*Data*.

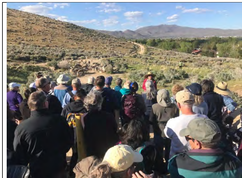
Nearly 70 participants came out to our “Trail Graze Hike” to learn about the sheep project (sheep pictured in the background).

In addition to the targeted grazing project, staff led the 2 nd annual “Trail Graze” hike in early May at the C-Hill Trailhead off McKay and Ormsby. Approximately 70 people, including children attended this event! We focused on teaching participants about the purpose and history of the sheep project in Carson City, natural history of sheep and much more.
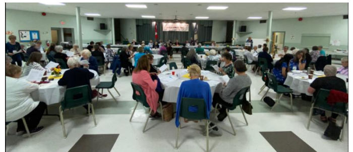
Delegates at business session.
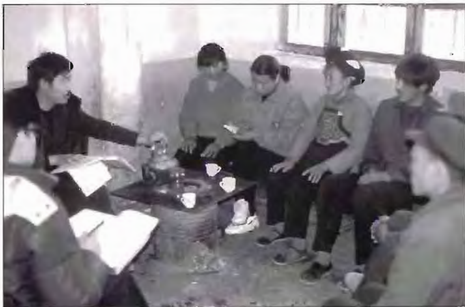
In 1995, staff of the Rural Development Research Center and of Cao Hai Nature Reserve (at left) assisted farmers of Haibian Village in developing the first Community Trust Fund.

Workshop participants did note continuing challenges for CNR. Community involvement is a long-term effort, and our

==

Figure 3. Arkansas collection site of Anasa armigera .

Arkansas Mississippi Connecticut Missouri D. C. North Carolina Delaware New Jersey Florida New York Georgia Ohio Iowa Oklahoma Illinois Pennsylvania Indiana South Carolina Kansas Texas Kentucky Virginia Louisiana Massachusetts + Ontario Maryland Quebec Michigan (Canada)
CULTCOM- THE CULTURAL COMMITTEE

*About this task*.
Your answer should consist solely of the lines above from the line with "In 1995, staff" to the line with "Workshop participants did", both included, reproduced exactly.

*Solution to the problem*.
In 1995, staff of the Rural Development Research Center and of Cao Hai Nature Reserve (at left) assisted farmers of Haibian Village in developing the first Community Trust Fund.

Workshop participants did note continuing challenges for CNR. Community involvement is a long-term effort, and our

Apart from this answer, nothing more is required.